Cluster 3 (99% certainty)- teams who attempt more long balls, focus play on wings, don’t generate many shots from open play but don’t attempt shots from long range
Teams in this cluster have a very defined preferred style of play, generally they attempt an above average amount of long balls and below average amount of short passes. Most of the teams in this cluster apart from Burnley also focus their attacking down the centre of the pitch. The fact that they show below average stats for long range and close range shots reflects the fact that they don’t attempt many shorts per game in general but, unlike every other team in this cluster, they are above average for generating shots from set pieces.
Cluster 4 (100% certainty) – Teams who focus on wing play , attempt a lot of dribbles, slightly more willing to shoot from range than cluster 3
The teams in cluster 4 are similar to teams in cluster 3 except that they don’t try quite as many long balls per game. Similar to cluster 3 teams here generally like to focus their attack down the wings but they attempt more dribbles per game.

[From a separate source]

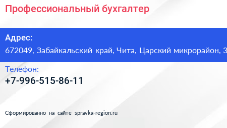 Профессиональный бухгалтер по адресу 672049, Забайкальский край, Чита, Царский микрорайон, 3 в дальнейшем Организация, размещена в следующих категориях:
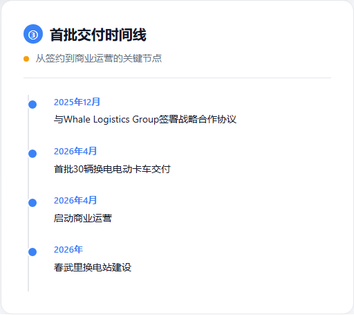 对物流行业而言,这种补能模式把电动卡车从”充电停机”拉回到”燃油车级别”的运营连续性。Whale Logistics Group作为泰国领先物流企业,在Laem Chabang港口和东部经济走廊运营,其选择换电模式瞄准的正是时间成本与电动化的平衡。3分钟换电对于港口物流、高频短途货运等场景,停机时间的直接减少就是运营效率的直接增加。

Cluster 5 (98% certainty) – Teams who focus attack down the centre, do not attempt dribbles
Clusters with 2 teams are quite difficult to relate to the other clusters but the gist here is that both Newcastle and Everton are similar in that they are quite well balanced between attacking on the wings and through the centre of the pitch and Everton have a slight bias towards playing long balls compared to other teams whilst Newcastle attempt more shots from range than average.
Cluster 6 (76% certainty) – Teams without a consistent attacking plan
The final cluster isn’t that well defined but that pretty much matches the attacking approach of both managers. Interestingly Huddersfield are 20th and Bournemouth are 18th in the table for ‘Big Chances missed’ that either means they are both quite clinical or reflects the fact that they don’t create many chances. The heat map showing that both teams are below average for long shots and close shots attempted suggests the latter. Compared to most teams it is striking that Huddersfield and Bournemouth produce very few shots from set pieces.